Sunday, October 20, 2013

The Perfect Poison

Struggling.

That's what I'm doing lately, and it's only myself I have to blame. I have a sense, a frenetic need, to know everything I feel I should know with an impossible immediacy. What I mean is...

I give myself NO learning curve -- None.

I know better. I taught for almost 10 years, and I understand the way the human brain works. And, yet, with myself, I demand my cerebral nature circumvent this rewiring process in order to provide an equilibrium I should not expect. I read once, in light of liberal paraphrasing, that true learning induces an inner dissonance - a deliberate, internal dis-harmony, if you will. All the while, I tell myself there ought to be no ripples on the surface, no ruffled feathers, no outward manifestations of my schema reconstruction.

Not only is this unfair, but it is wholly unrealistic. Who am I that I believe I can rewrite the learning process to protect my vanity? Who am I that I feel I should be protected of these feelings of inadequacy or self-doubt, in order to avoid self-evaluation. This need, this completely ridiculous expectation of Perfection is poisonous to my own development.


When did we become so concerned with appearing as though we have it all figured out? When did we decide the only capable people are those who never "don't know"? When did we determine the need for perfection in a skill or idea which is still only in utero, or at the very least, still in the wet nursery?

I have forced myself to pull back and take stock of the situation in a very brutally honest way. I have no hope of having it all figured out any time soon. I am not going to bed down tonight and wake in the morning a prodigy with complete knowledge of all aspects of this business (or my life, for that matter).

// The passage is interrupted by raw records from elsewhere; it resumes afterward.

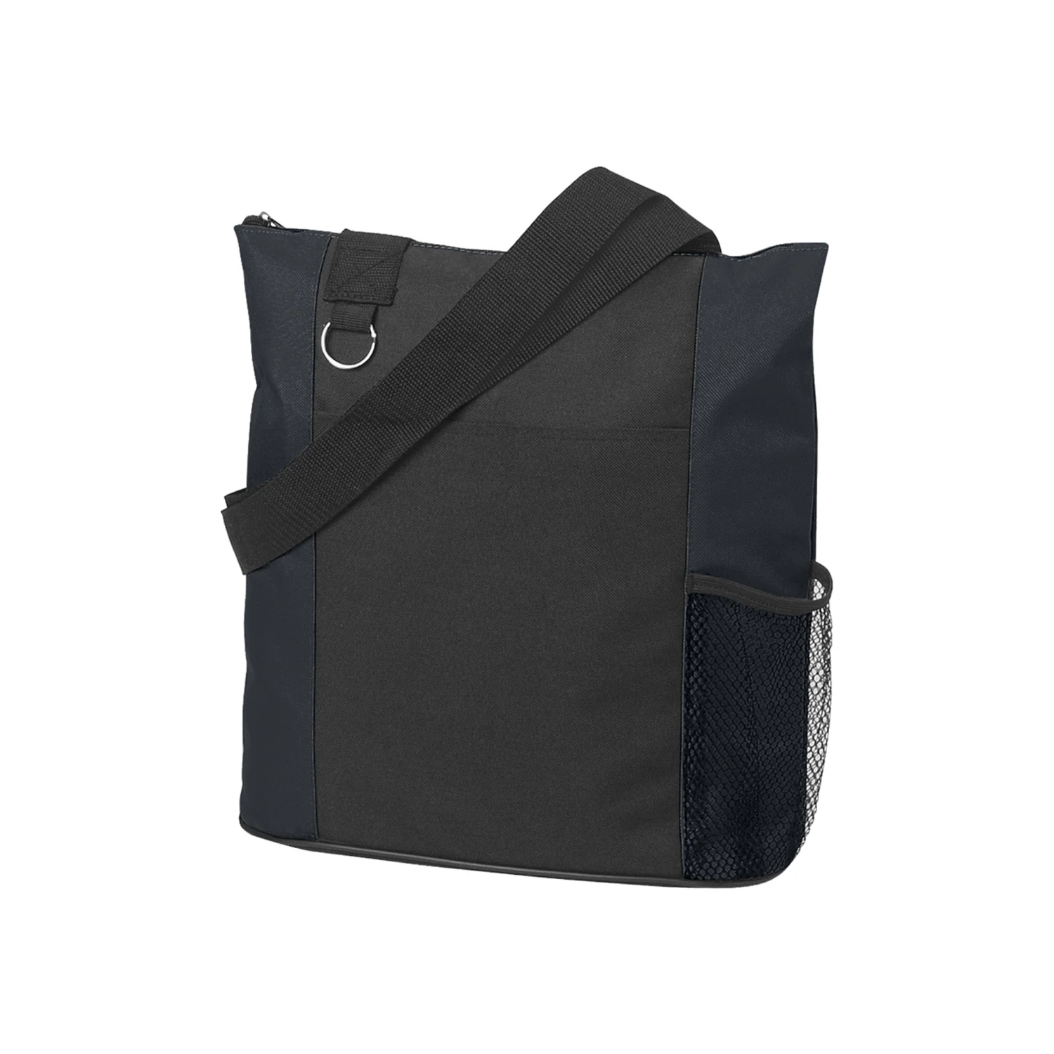 Here’s a fun way to carry your stuff around! This promotional tote bag is 26″ handles and is available in different colors with black trim. It’s made of 600D polyester with top zipper closure, front pocket, and side mesh pocket. It even has a split ring attachment for keys and small valuables too! Add your logo on this tote and hand it out as customer giveaway, as a gift bag, or promotional bag for tradeshows and marketing events.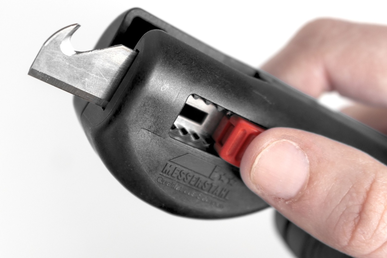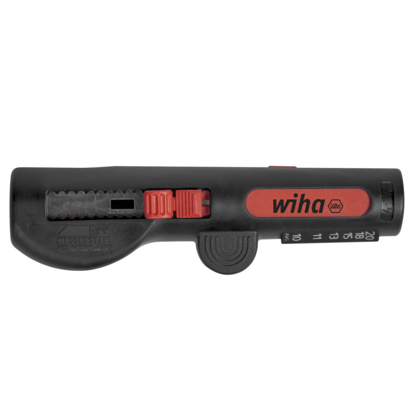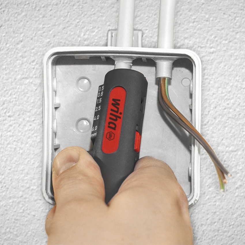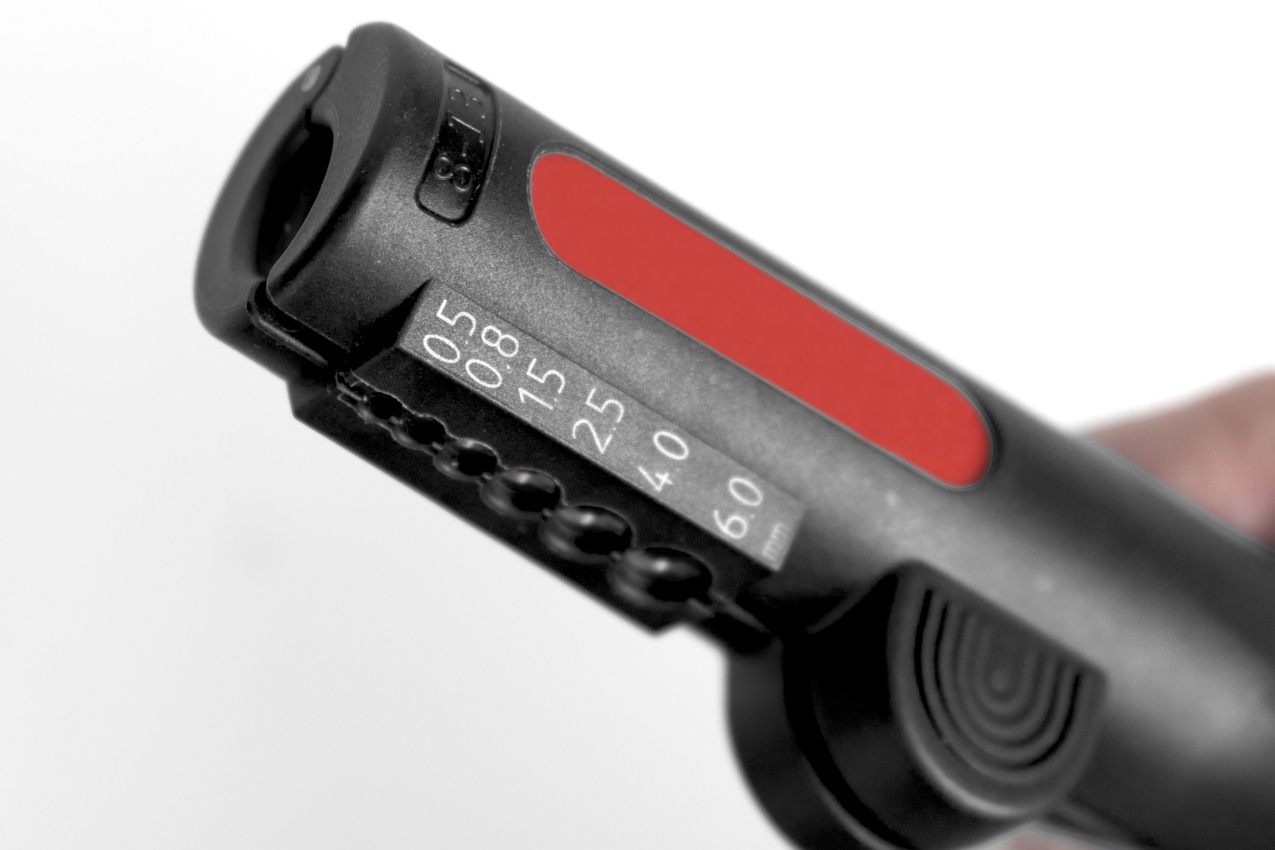 Při práci na skříňovém rozvaděči se ve stísněném prostoru provádí velký počet pracovních kroků. Multifunkční odizolovací nástroj Wiha pokrývá hned čtyři důležité funkce. Patří mezi ně odplášťování kruhových kabelů sprůměrem 8–13mm (3× 1,5mm? až 5× 2,5mm?) kruhovým apodélným řezem. Optimalizované vedení kabelu zajišťuje bezpečné, přesné apohodlné odpláštění bez nutnosti předem nastavovat hloubku řezu. Rovné odpláštění není díky pohodlné aprotiskluzové rukojeti nejmenší problém ani na obtížně přístupných místech. Víceúčelový nástroj kromě toho zaručuje čisté odizolování flexibilních imasivních vodičů vrozsahu 0,5–6,0mm?. Integrovaný hákový dřík lze bezpečně aretovat ana ochranu úplně zapustit do tělesa. Za účelem bezpečného aprostorově nenáročného uskladnění je možné odizolovací nástroj zajistit vzavřeném stavu.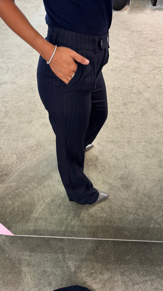 Pantaloni blu gessati a zampa fr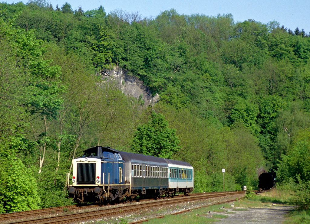 79 726 + 996 836 bei Geilertsreuth (Strecke Neustadt (W) - Floß - Eslarn) am 19.05.1990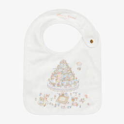 A delightful ivory bib for baby boys and girls by Atelier Choux Paris, made from soft and lightweight organic cotton. Effortless for mealtime, this bib has a charming table setting illustrated on both sides for a classically styled look. Gold-tone poppers fasten on the neck and adjust to create a neat fit.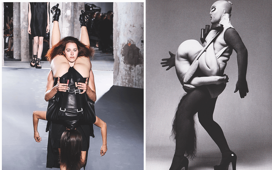 На весенне-летнем показе дизайнер представил моделей с привязанными к ним гимнастками, чем шокировал публику. Представь, какой была реакция зрителей в 1994 году, когда Бауэри имитировал таким образом роды.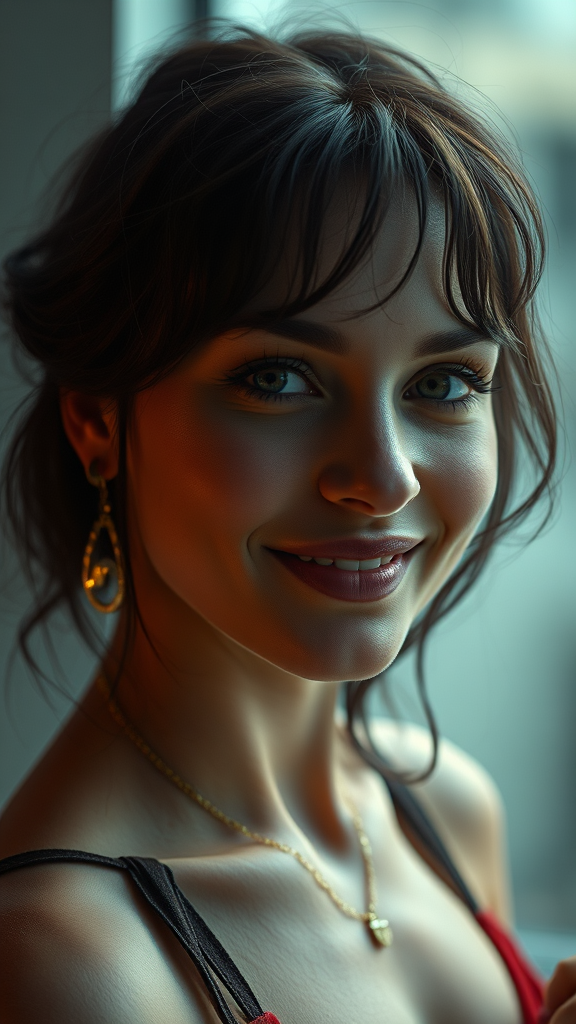 A 30-year-old, rawboned woman with a cheeky smile, captured in the style of a Cinematic film still. The image is inspired by the works of Mark Citret, Guillermo Espinosa, Carl Frederik von Breda, Ed Benedict, Sebastian Errazuriz, and Colin Campbell Cooper, embracing a steampunk aesthetic with carefully considered negative space. It features color grading and presents an analog style with hyper-realistic UHD faces and 8k resolution. The photo, taken with a DSLR, utilizes soft, high-quality lighting with film grain, reminiscent of a Fujifilm XT3 and Olympus XA2 Camera setup with a 50mm lens at F/2.8. Highlights include HDR effects, realistic textures, and volumetric lighting mingling with a gentle fog to produce a moist atmosphere with a shallow depth of field, amplifying the reflections. Absurdly high resolution captures the essence of a fashion shot with psychedelic influences and a Thomson MO5 color palette, all within a Modular constructivism framework. The composition maintains a cinematic editorial vibe, showcasing pretty hands and an overall realistic and timeless editorial cover art feel.
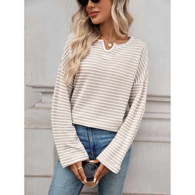 Womens Waffle Knit Tops Oversized Long Sleeve Crewneck Shirts Business Casual Blouses Basic Shirts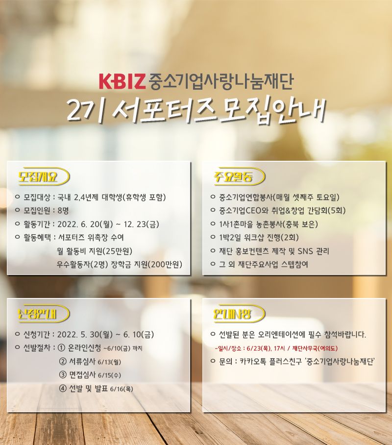 중소기업사랑나눔재단 대학생 서포터즈 모집
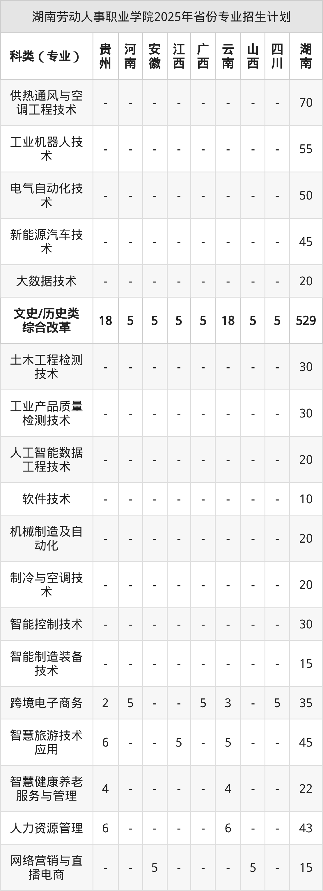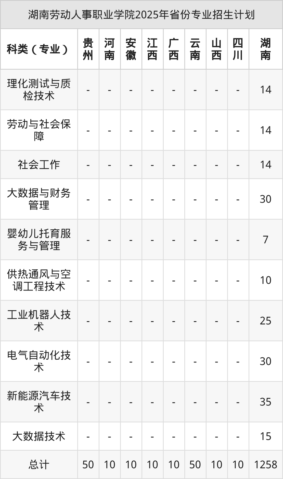 而各省份的招生計(jì)劃數(shù)為湖南1258人,江西10人,廣西10人,云南50人,山西10人等。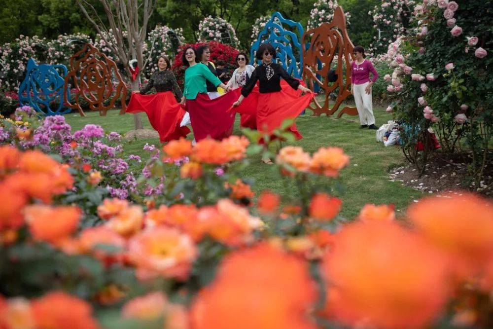 作为本市“百条花道”点位之一,花木月季园的美,走在路上就能一眼看见。走进幽香阵阵的园中,更是跌入了月季的海洋。38个品种、1.2万余株月季争奇斗艳,涵盖藤本型、灌木型、大花型、丰花型等类别。低矮的月季色彩缤纷,四五十株树状月季则花大如碗,不经意间还能撞见瑞典女王、甜梦、抓破美人脸等绿地中较少见的品种。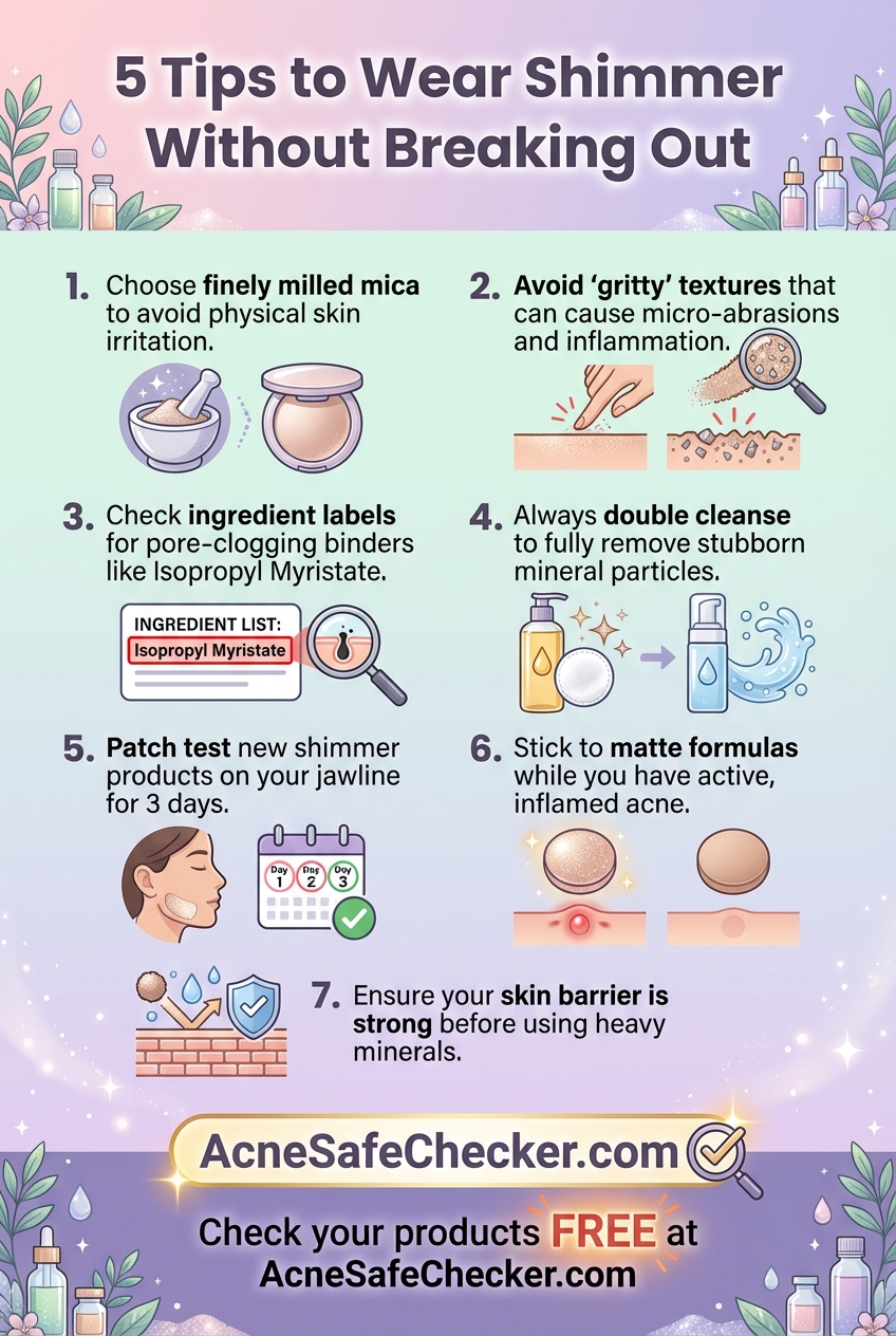 Before purchasing, run the ingredient list through a comedogenic checker. Look for the presence of isopropyl myristate, laureth-4, or cocoa butter. If these are near the top of the list alongside mica, the product is likely to clog your pores.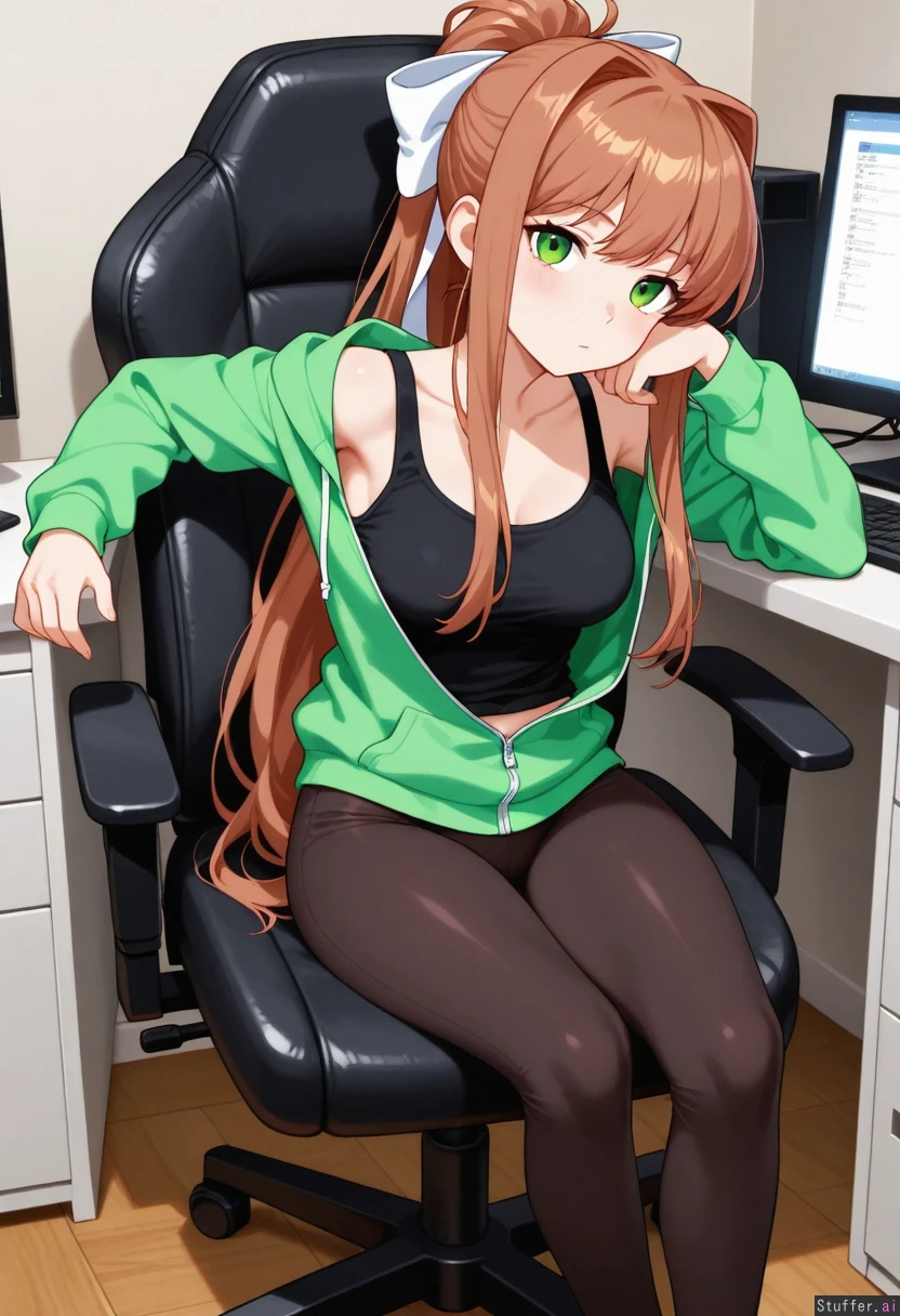 Solo, monika_(doki_doki_literature_club), using computer, computer chair, bored, bedroom, unzipped hoodie, tank top, leggings, medium breasts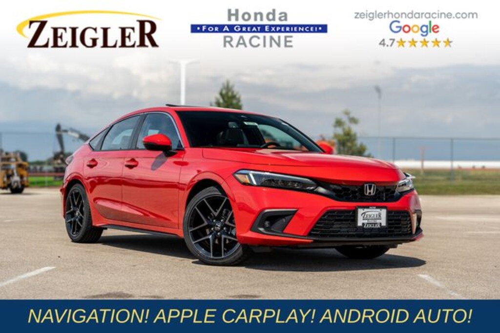 2023 Rallye Red Honda Civic Sport Touring âFOR A GREAT EXPERIENCEâ visit Zeigler Honda of Racine, because we take pride in treating our customers like family, ensuring that your experience is one that you will never forget. We have 4.7 Google Rating! Making our store the highest rated Honda dealer in the state of Wisconsin! Every vehicle has been through a multi-point safety inspection and professionally cleaned and disinfected for your protection. With a convenient location off of I-94 at exit 333; we are proud to serve customers in Racine, Sturtevant, Caledonia, Mount Pleasant, Union Grove, Burlington, Kenosha, Bristol, Waukesha, Milwaukee, Oak Creek and many other surrounding areas! Our Sales Consultants are Factory Certified and have earned some of the highest customer satisfaction ratings in Southeast Wisconsin. We specialize in New Honda, Certified Pre-Owned Honda, as well as many other makes and models that fit all budgets and prices. We offer affordable purchase and leasing options. If you are traveling from Waukegan, Gurnee, Naperville, Pleasant Prairie, Antioch, Fox Lake, or even Madison, feel free to browse our entire inventory of new or pre-owned vehicles right from your home: zeiglerhondaracine.com. Even if we don't have the exact vehicle in our inventory, we will gladly bring one in for you and still guarantee the lowest price possible. A little further than a hop, skip or a jump? We can arrange shipping & delivery! Price may exclude certification, added accessories and/or packages, certain taxes, $399 doc fee, charges and/or fees. Dealer is not responsible for pricing errors, although we strive to be accurate, we are human. The value of used vehicles varies with mileage, usage and condition. Book values should be considered estimates only. Some of our used vehicles may be subject to unrepaired safety recalls. Check for a vehicle's unrepaired recalls by VIN at http://vinrcl.safercar.gov/vin/. See dealer for complete details.

Let go. Control is not believing in this fairy tale of Perfect Understanding right out of the gate. Control is knowing there will be some things which stick, some which don't, and realizing I can come back around again to pick up what I don't get on the first go. In the mean time, this poisoning of self must stop. On days when I feel I know nothing, I'm probably right. Still, I should also write a list of all the things I know today I didn't have an inkling about yesterday.

If I can give the rest of the world permission to declare, "I don't know," then I had certainly better grant myself permission to do the same.

I don't know...and the world will keep turning.